#### [PROBLEM STATEMENT]
Pictures stay out of the copy. Transcribe exactly the lines from the line with "Note: You might" through the final line of the records.

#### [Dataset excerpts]
***

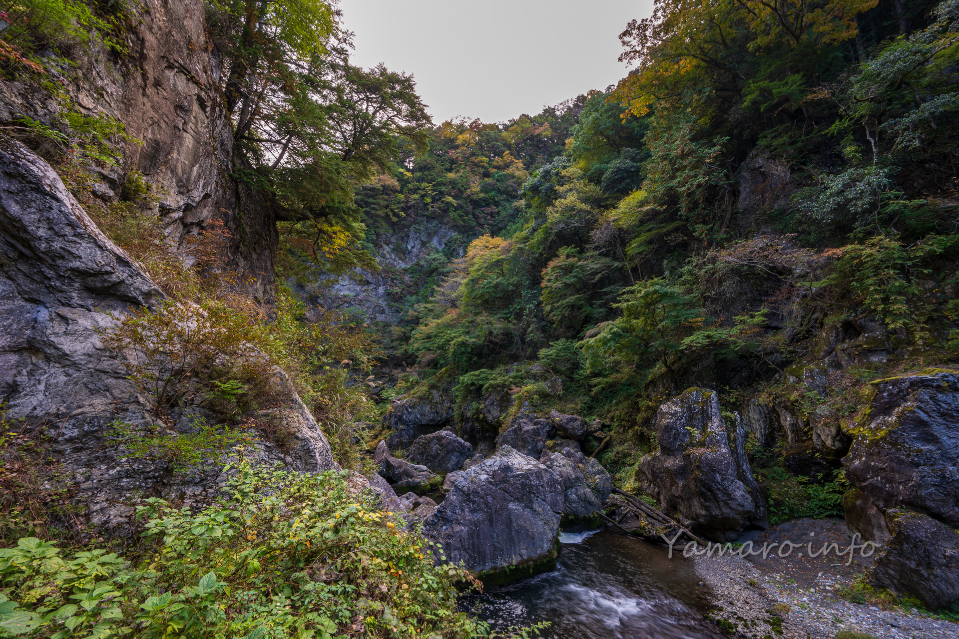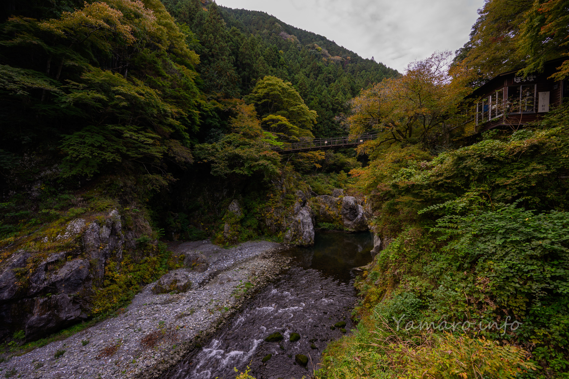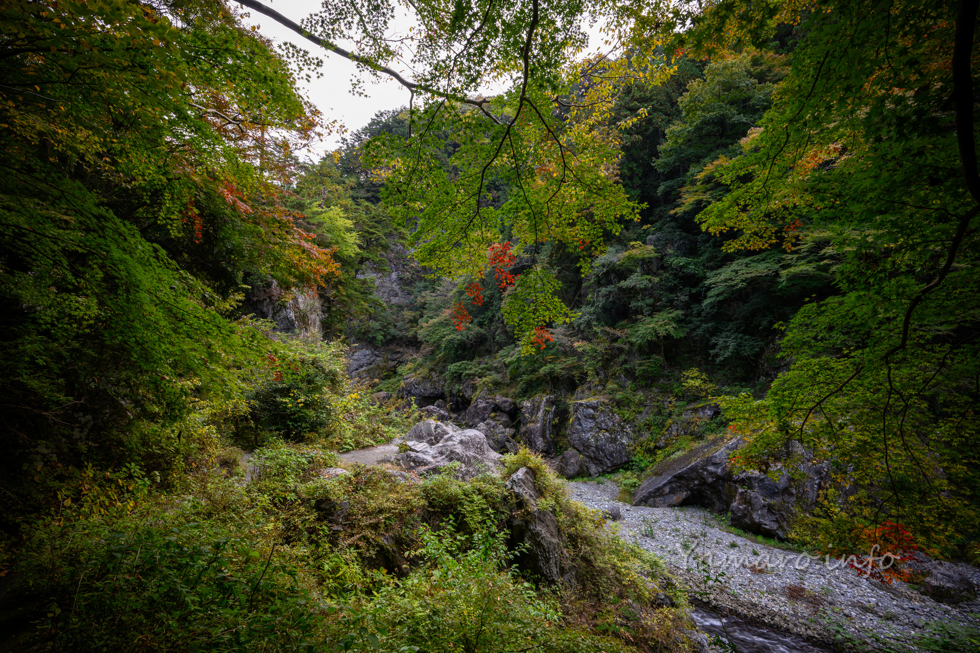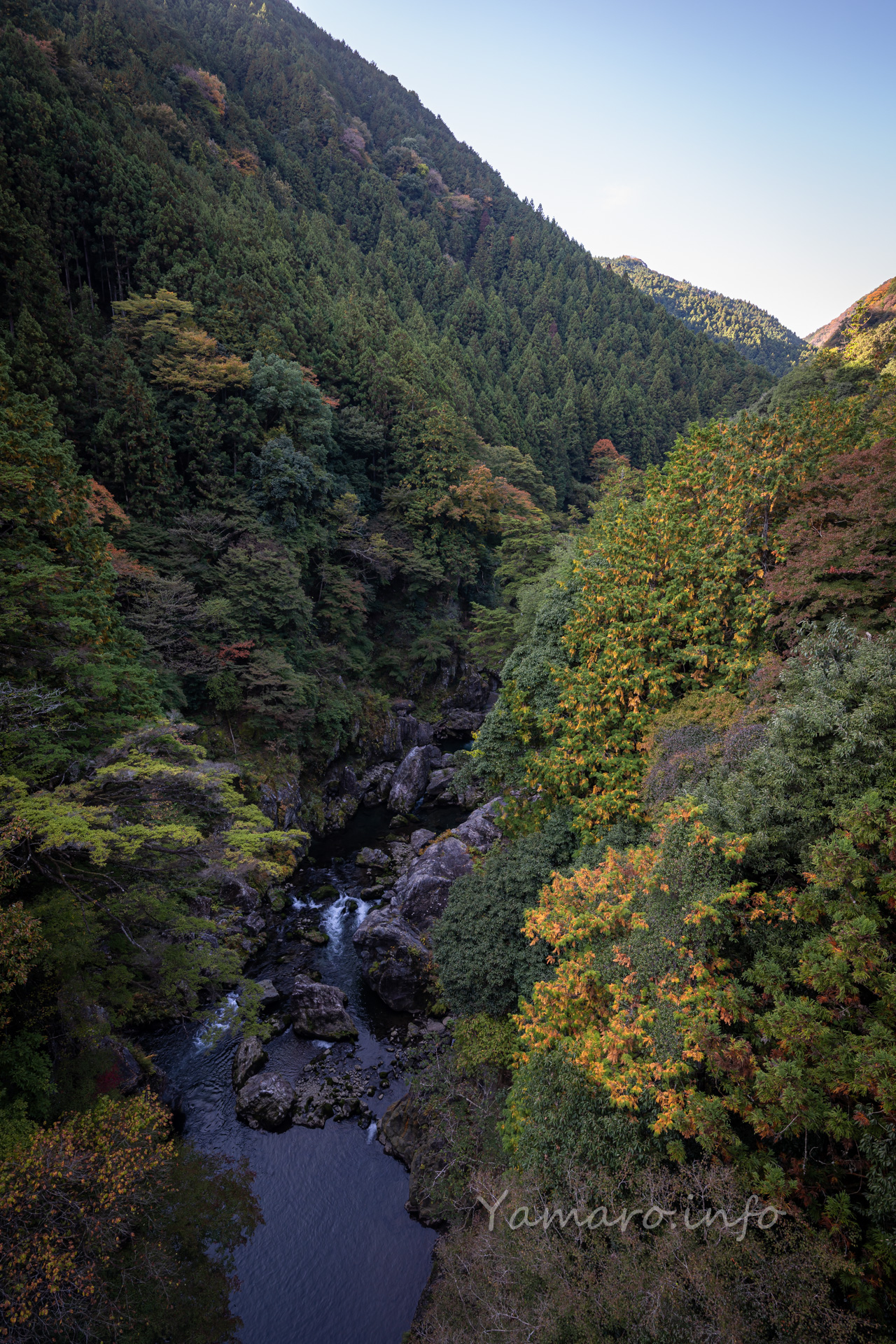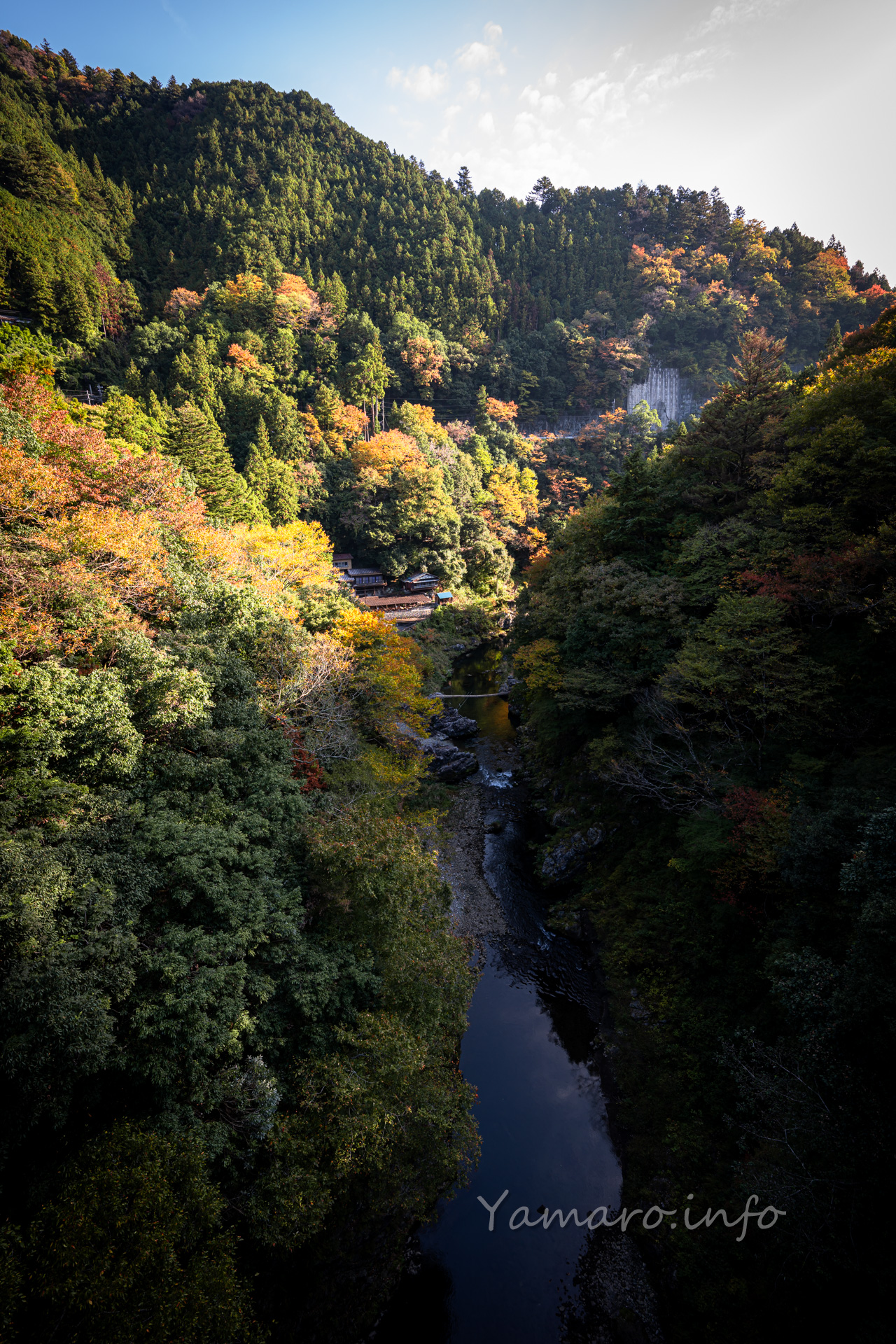 さて紅葉、イチョウ以外はまだまだ色づきが始まっていなかった11月上旬の奥多摩の鳩ノ巣、ごく僅かに色づいているものもあったので、135mmで抜いてみました。
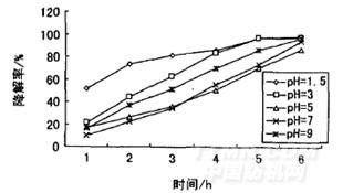 图5改性纳米TiO2在不同初始pH值下的光催化活性表面的吸附以及光生电子和空穴催化剂表面的迁移,进而对光催化反应产生影响[10]。
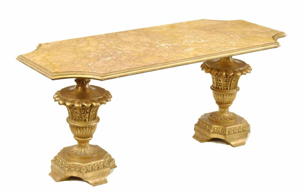 An Italian coffee table, the rectangular Siena marble top with concave corners, on carved giltwood supports, modern, 20.5in (52cm) h, 49.5in (125.7cm) w, 22.25in (56.3cm) d.
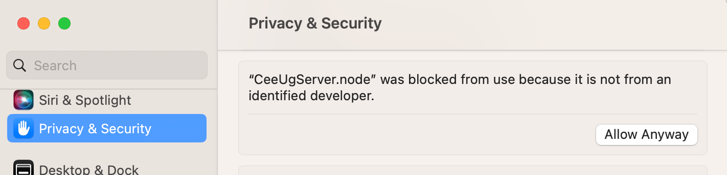Note: You might get an error saying the CeeUgServer.node cannot be opened. If so, go to Privacy and Security and allow it.
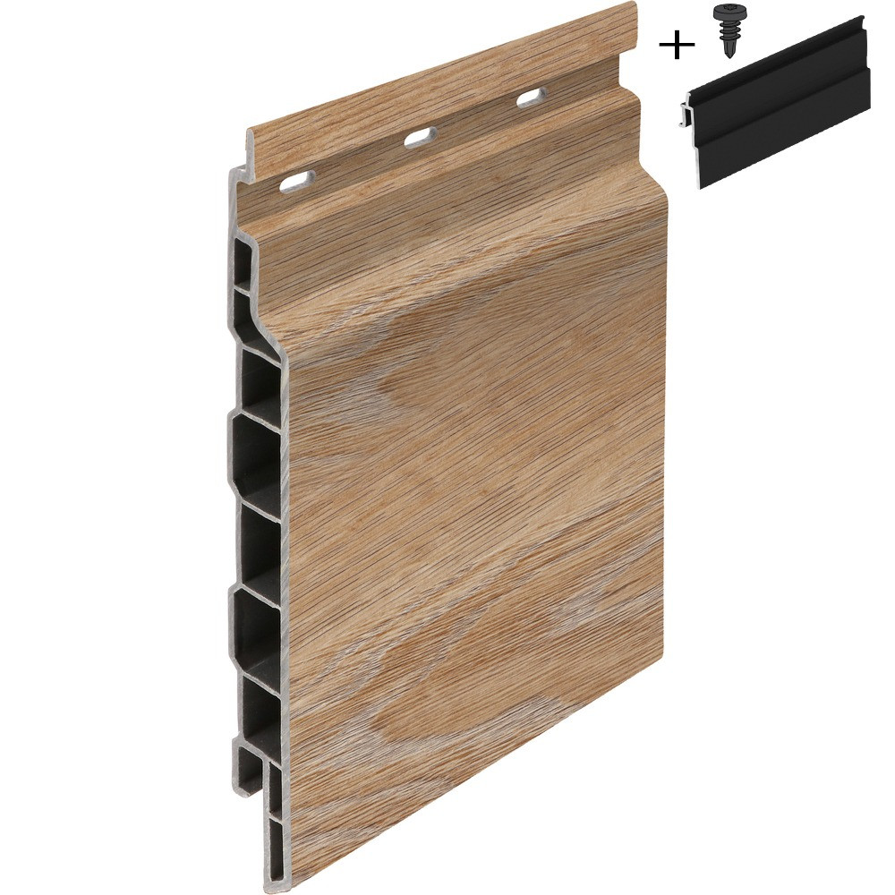 - Combinatie van Keralit Sponningdeel 143 Natuur Eiken + zwarte Shadowline-lijst + schroeven

***

#### [WRITTEN RESPONSE]
Note: You might get an error saying the CeeUgServer.node cannot be opened. If so, go to Privacy and Security and allow it.
 - Combinatie van Keralit Sponningdeel 143 Natuur Eiken + zwarte Shadowline-lijst + schroeven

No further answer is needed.